# Destruction of the Temple in Jerusalem



## VirginiaHuguenot (Aug 9, 2005)

What was the precise date of the destruction of the temple in Jerusalem? August 10, 70 AD or something else?


----------



## Puritanhead (Aug 9, 2005)

I don't know-- but I heard of this full preterist that had a license plate that said "70 A.D."


----------



## PuritanCovenanter (Aug 10, 2005)

WIKI




> In 69, Vespasian seized the throne after a civil war. By 70, the Romans had occupied Jerusalem. Titus, son of the Roman Emperor, destroyed the Second Temple on the 9th of Av, ie. Tisha B'Av (656 years to the day after the destruction of the First Temple in 587 BCE). Over 100,000 Jews died during the siege, and nearly 100,000 were taken to Rome as slaves. Many Jews fled to Mesopotamia (Iraq), and to other countries around the Mediterranean.

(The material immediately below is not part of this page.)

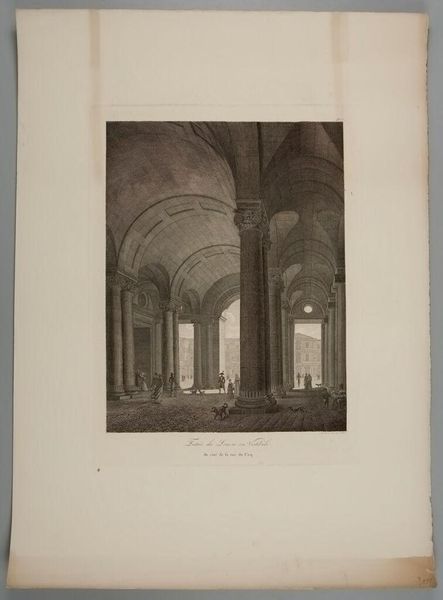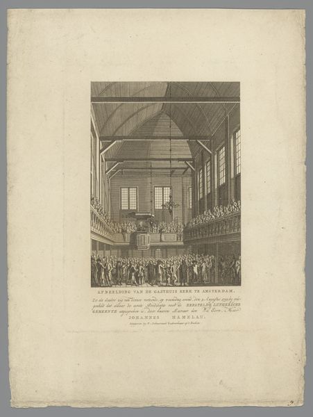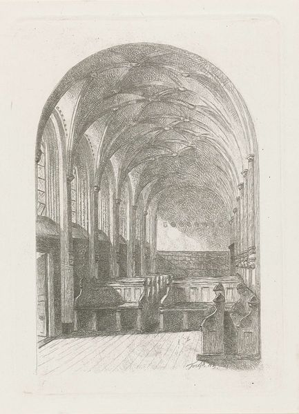 Curator: This is A. M. Huffam's "Interior of a chapel, with the ceremony of a nun taking the veil," housed here at the Harvard Art Museums. The print captures a moment of great solemnity. Editor: It strikes me as quite claustrophobic, even oppressive. All those figures shrouded, the stark, unwavering lines of the architecture... Curator: Notice how Huffam uses the printmaking process to emphasize the architectural elements—the arches, the way the light falls. It speaks volumes about the social construction of sacred space. The labor involved in creating such controlled imagery is also worth noting. Editor: Agreed, and I see it as a powerful depiction of institutional control over women's bodies and destinies. The ritual feels less like a spiritual calling and more like a formal submission. Curator: A submission that required considerable resources to produce and disseminate, remember. Editor: Well, that's given me a lot to think about regarding the dynamics of power at play here. Curator: And for me, it highlights the material conditions through which these dynamics were, and are, made visible.
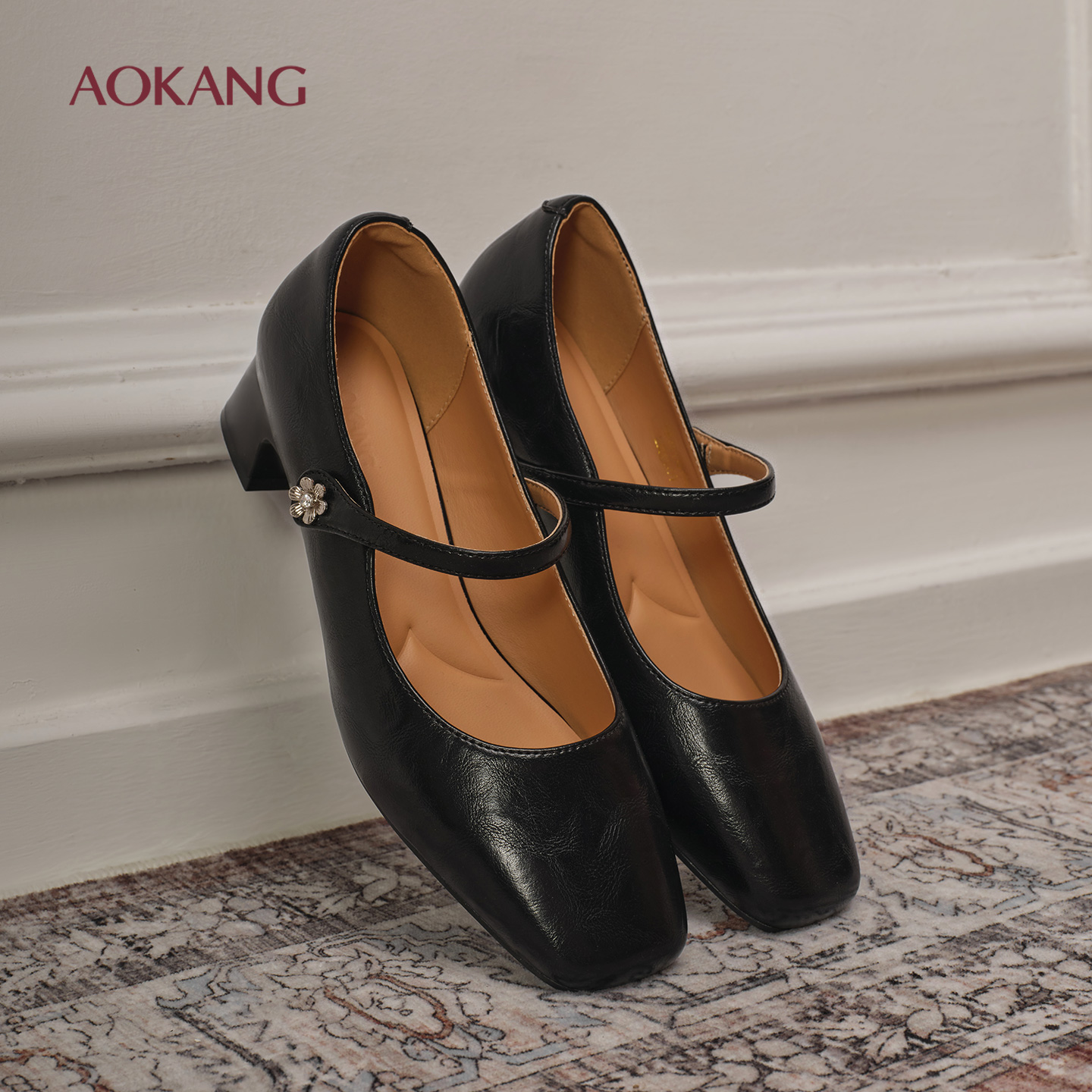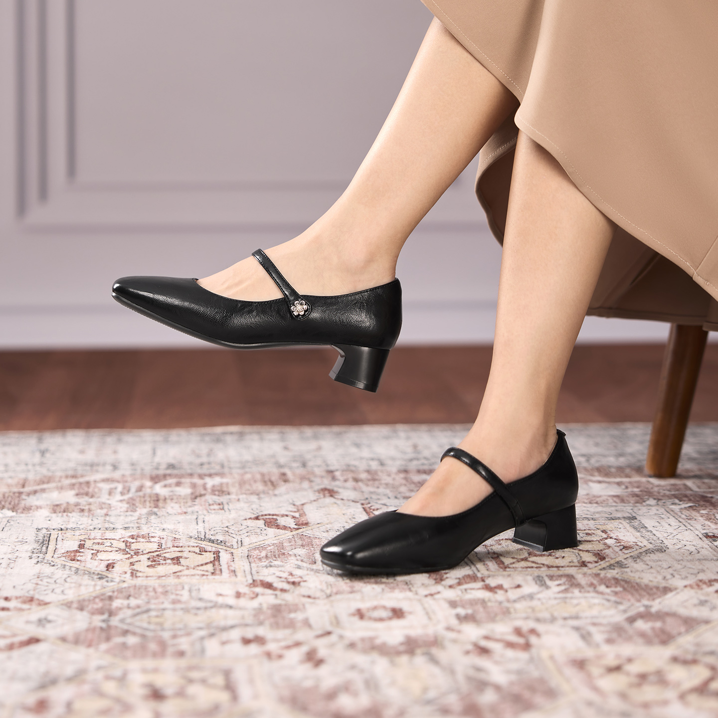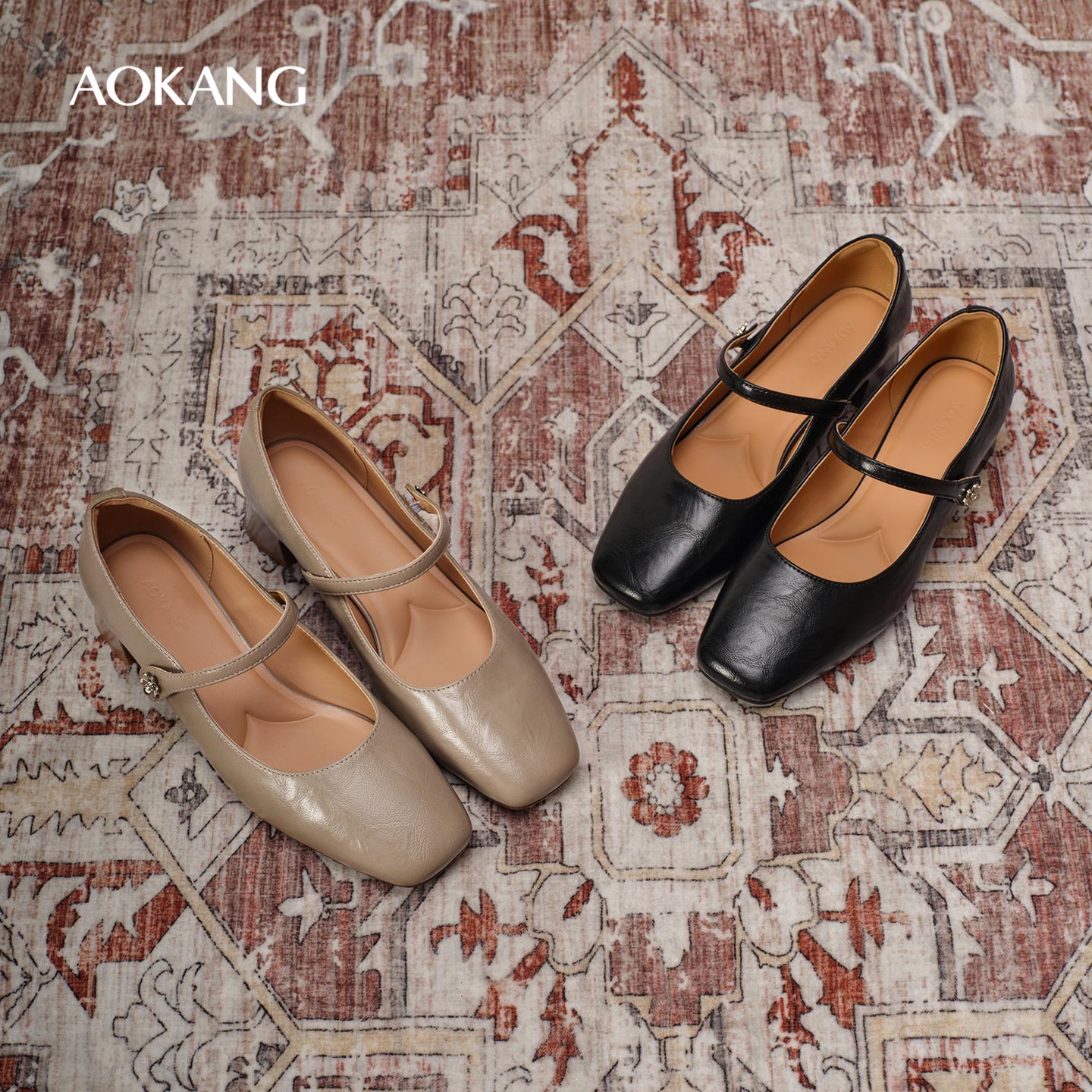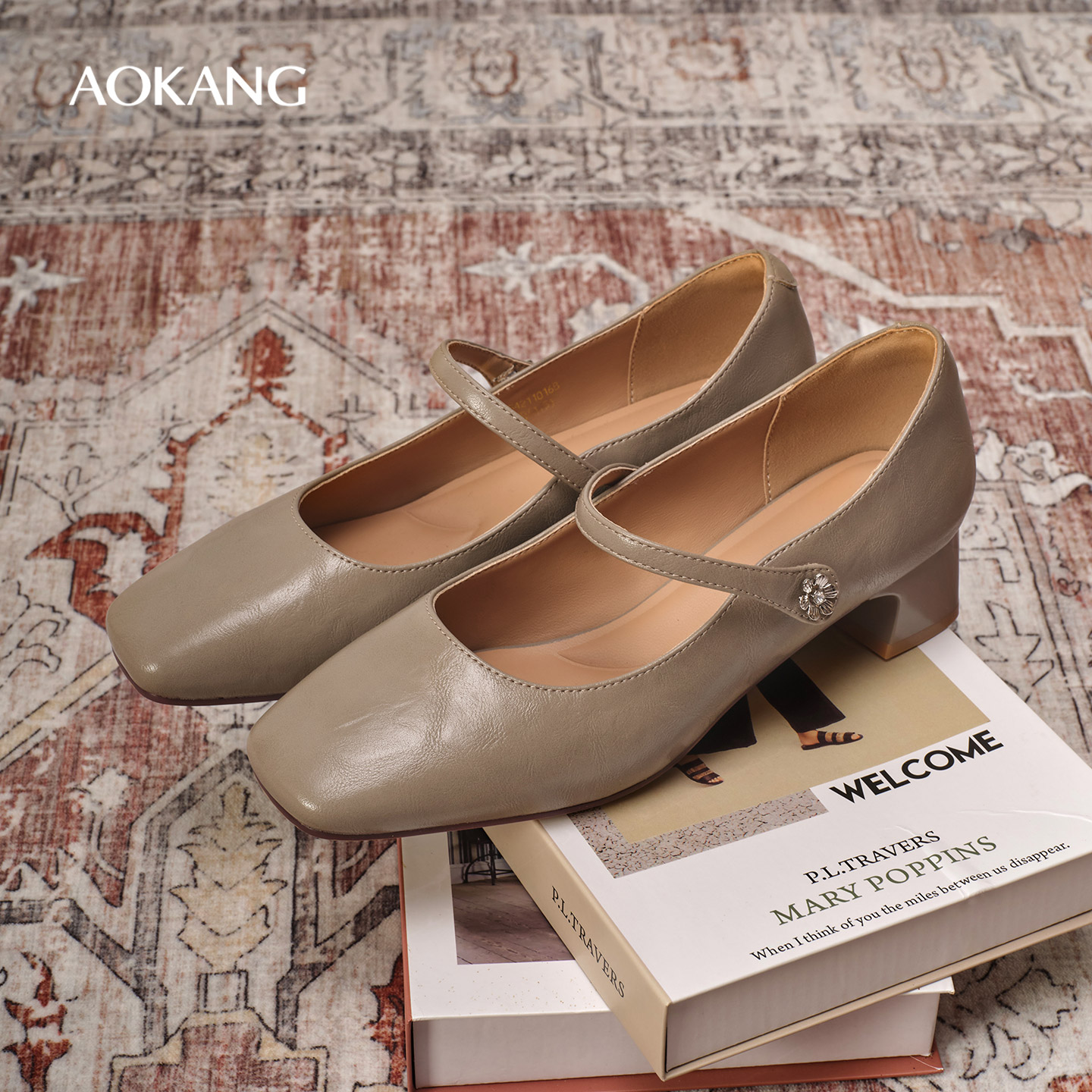 仙女风瓢鞋 秋季 浅口百搭中跟奶奶鞋 大码 真皮单鞋 女鞋 粗跟2025新款

Could it be the 15th. I am not a calendar Person. I vote for the 10th because it is the popular one.

Are their theological implications?

[Edited on 8-10-2005 by puritancovenanter]


----------



## BobVigneault (Aug 10, 2005)

Tisha B'Av will occur on the following days on the American calendar:

August 14, 2005 (Jewish Year 5765) 
August 3, 2006 (Jewish Year 5766)
July 24, 2007 (Jewish Year 5767)
August 10, 2008 (Jewish Year 5768)

Here is a page that explains the jewish calendar.

http://www.jewishvirtuallibrary.org/jsource/Judaism/calendar.html


----------